• [DIRECTIONS] If a record holds a picture, omit the picture, but copy everything else below exactly.

(INFORMATION SHOWN begins)

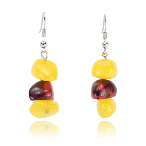 Серьги "Ария" из янтаря (имитация) в миксе из двух цветов: желтого и темно-коричневого. Длина сережки со швензой 4,5 см. Металл: ювелирный сплав.
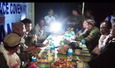 WITNESSED BY 11TH IB STATION COM. M/GEN.IGNATIUS PATRIMONIO, B/GEN. TAHARUDIN AMPATUAN, P/COL PD NARCISO PARAGAS, PNP LAWYER MARLON LAO, P/LT.COL KRIS GUTIEREZ ,LT. COL VICENTE MAMBORANG JR,MNLF GEN. OMAR SAMPANG, MNLF. GEN. WINNIE HADJIRUL, PROF.CAPT. REY VALEROS(PINN), PI-FERDINAND LAGUNDINO(PINN),ROWENA VARGAS (PINN), SONIA VALEROS(PINN)SUCCESSFULLY ESTABLISHING THE PEACE NEGOTIATION BETWEEN THE GOVERNMENT AND MNLF CAMP MUDJASAN
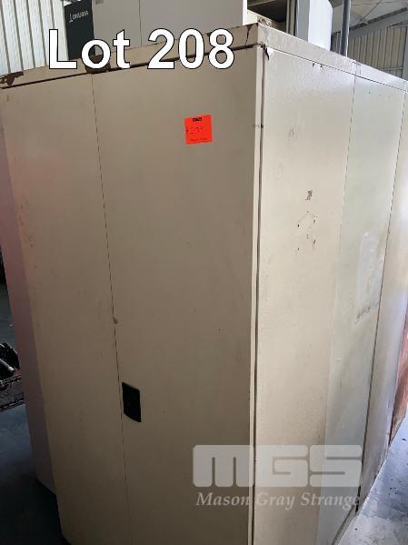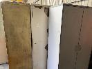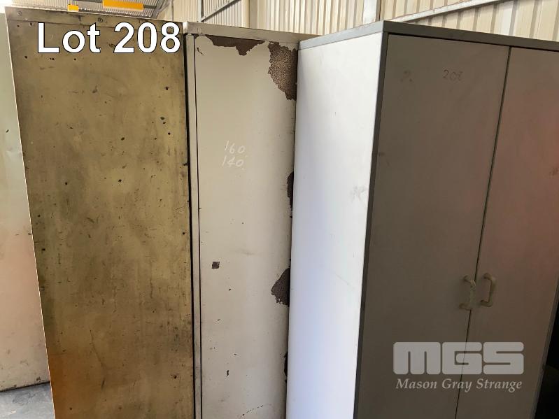 4 x STEEL STOCK CUPBOARDS, 2 DOOR & TIMBER 2 DOOR CUPBOARD
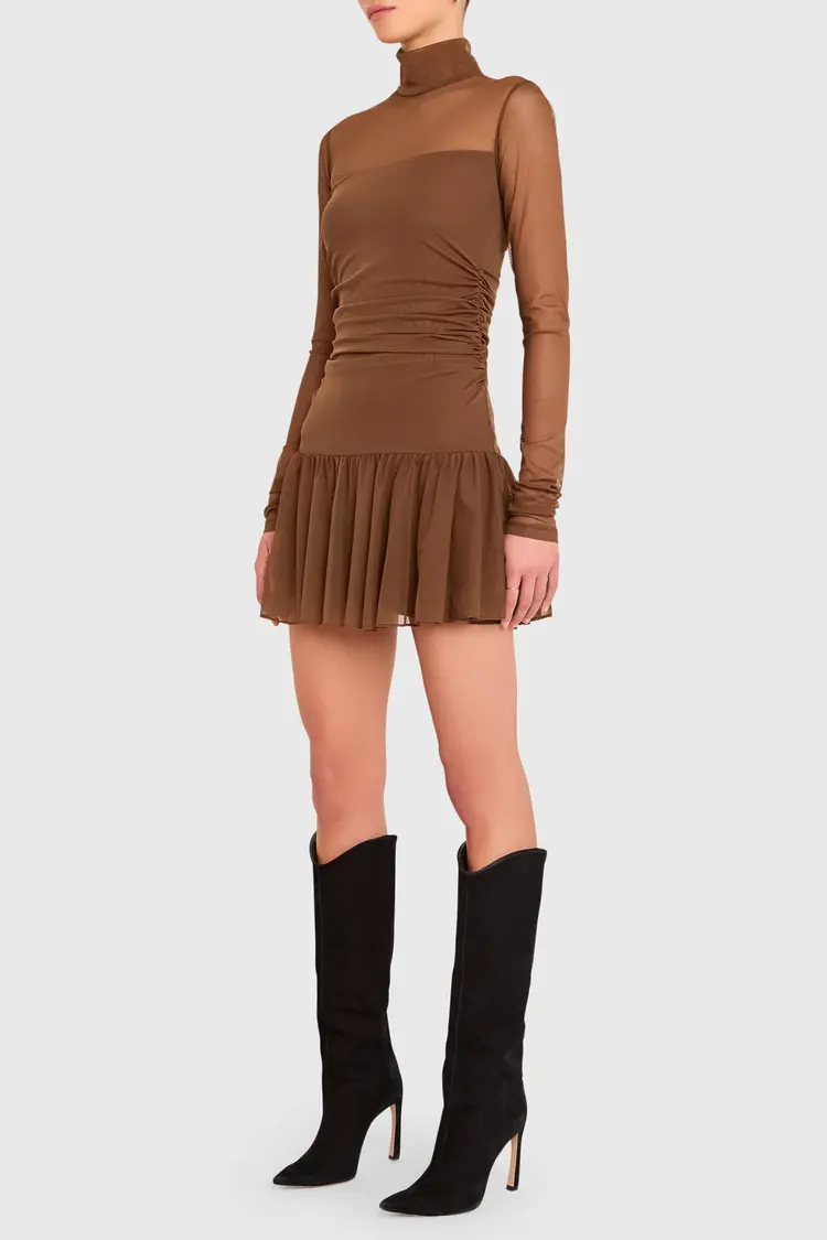 • Make your move in the Rumi Dress. With a drop waist, gathered skirt, and sheer long sleeves, this mock neck mini balances bold confidence with a romantic touch. Pair with tall boots for a strong finish.
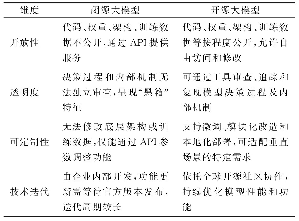 Table 1 Comparison of technical characteristics between closed-source and open-source large models
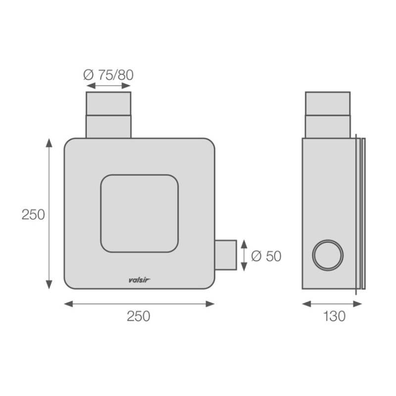 Salida ajustable Ø 75-80 mm, con opciones de montaje lateral o posterior
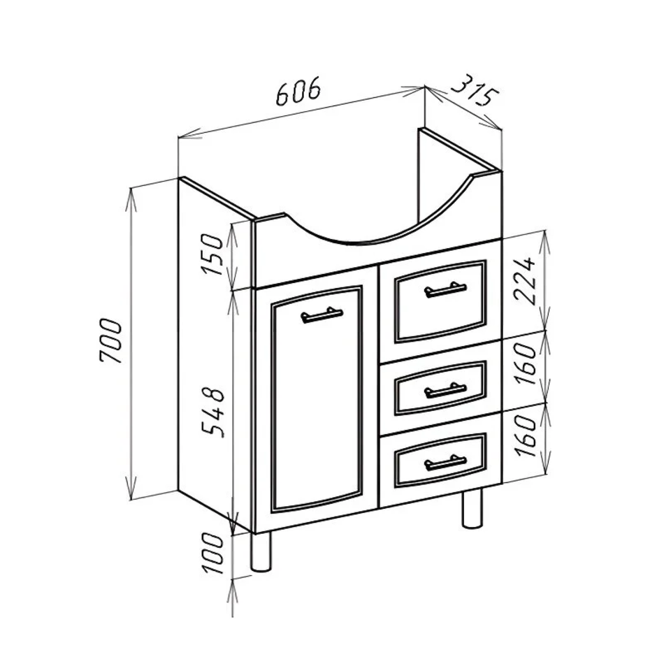 Тумба под раковину Bellezza Классик 4631909700010, 65 см, напольная, цвет белый
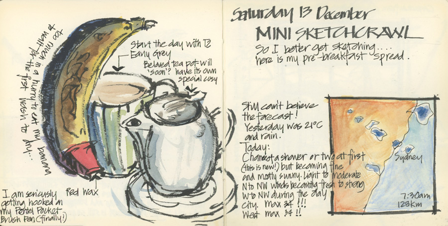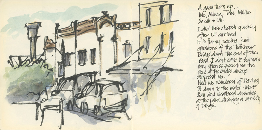 I have started to go along to sketching outings with the Sydney Sketch Club and today was a training for the next World Wide Sketchcrawl on Jan 10….
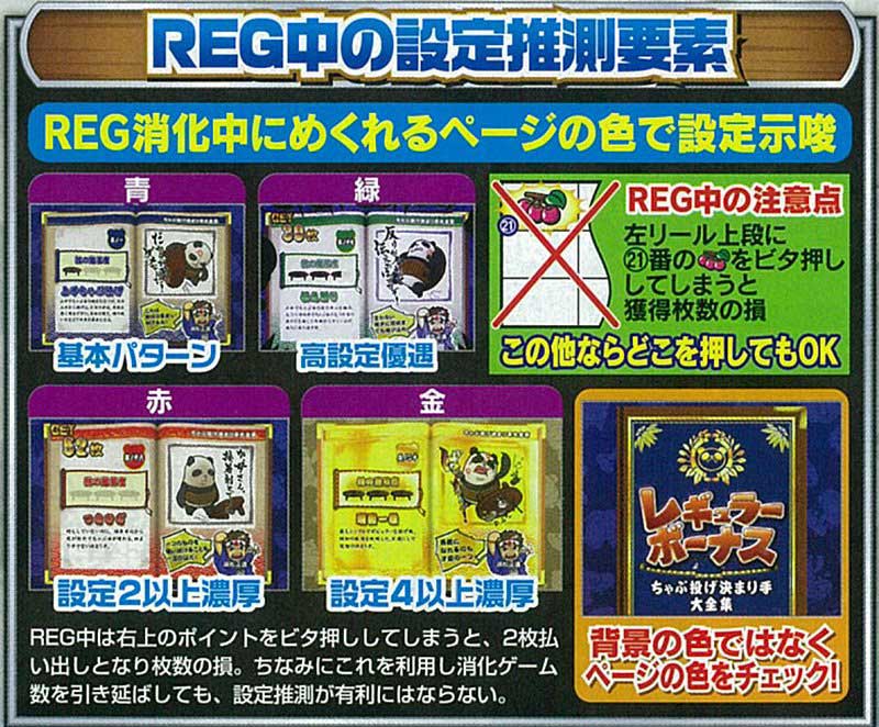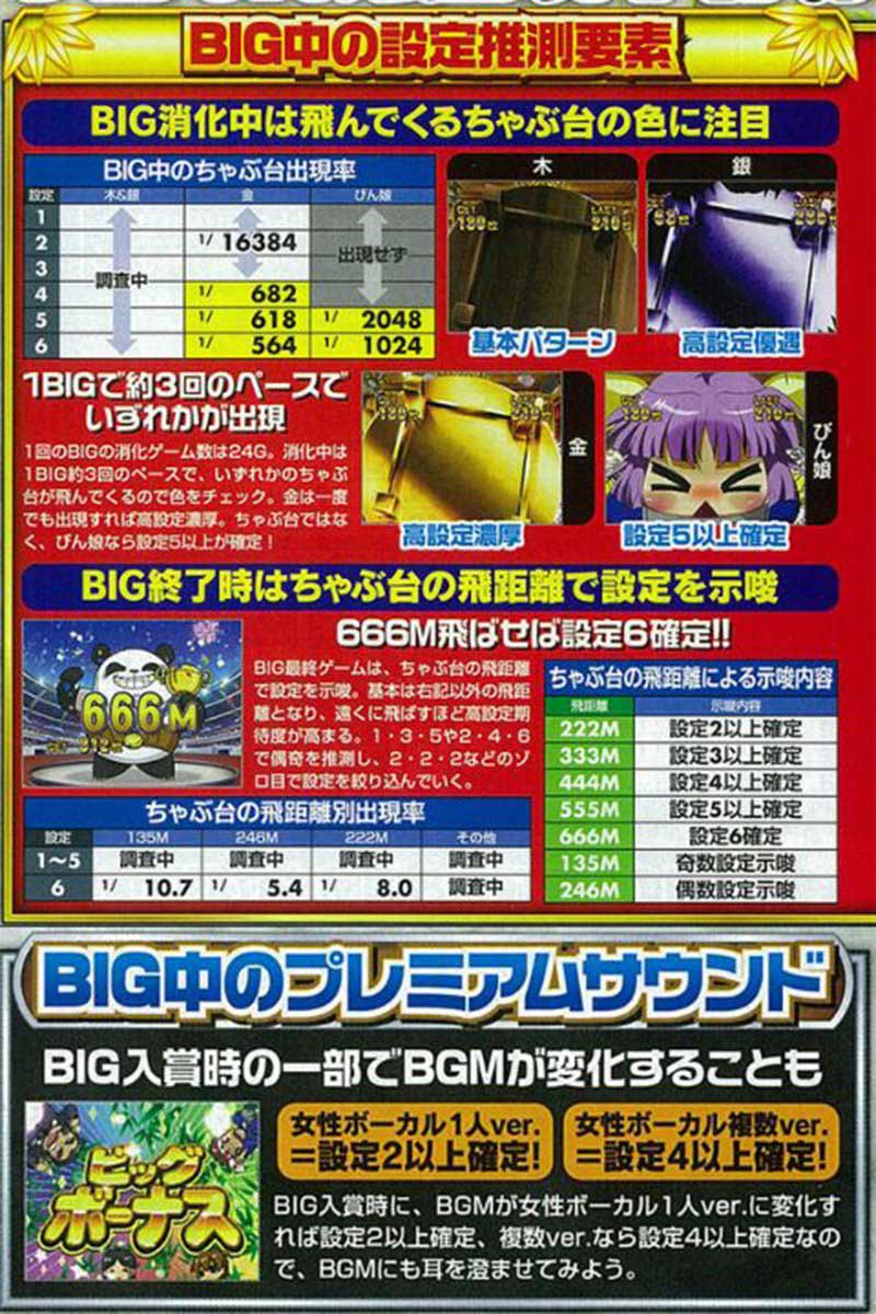 主にBIG中・REG中が設定看破のチャンスとなり、上記のような法則がありました。特に1BIG中に3回は訪れる「飛んでくるちゃぶ台」がポイントで、設定差が大きく、1回でも出現すれば高設定濃厚となる演出もありました。

(INFORMATION SHOWN ends)

• [ANSWER TO THIS PROBLEM]
 Серьги "Ария" из янтаря (имитация) в миксе из двух цветов: желтого и темно-коричневого. Длина сережки со швензой 4,5 см. Металл: ювелирный сплав.
 WITNESSED BY 11TH IB STATION COM. M/GEN.IGNATIUS PATRIMONIO, B/GEN. TAHARUDIN AMPATUAN, P/COL PD NARCISO PARAGAS, PNP LAWYER MARLON LAO, P/LT.COL KRIS GUTIEREZ ,LT. COL VICENTE MAMBORANG JR,MNLF GEN. OMAR SAMPANG, MNLF. GEN. WINNIE HADJIRUL, PROF.CAPT. REY VALEROS(PINN), PI-FERDINAND LAGUNDINO(PINN),ROWENA VARGAS (PINN), SONIA VALEROS(PINN)SUCCESSFULLY ESTABLISHING THE PEACE NEGOTIATION BETWEEN THE GOVERNMENT AND MNLF CAMP MUDJASAN
 4 x STEEL STOCK CUPBOARDS, 2 DOOR & TIMBER 2 DOOR CUPBOARD
 • Make your move in the Rumi Dress. With a drop waist, gathered skirt, and sheer long sleeves, this mock neck mini balances bold confidence with a romantic touch. Pair with tall boots for a strong finish.
 Table 1 Comparison of technical characteristics between closed-source and open-source large models
 Salida ajustable Ø 75-80 mm, con opciones de montaje lateral o posterior
 Тумба под раковину Bellezza Классик 4631909700010, 65 см, напольная, цвет белый
 I have started to go along to sketching outings with the Sydney Sketch Club and today was a training for the next World Wide Sketchcrawl on Jan 10….
 主にBIG中・REG中が設定看破のチャンスとなり、上記のような法則がありました。特に1BIG中に3回は訪れる「飛んでくるちゃぶ台」がポイントで、設定差が大きく、1回でも出現すれば高設定濃厚となる演出もありました。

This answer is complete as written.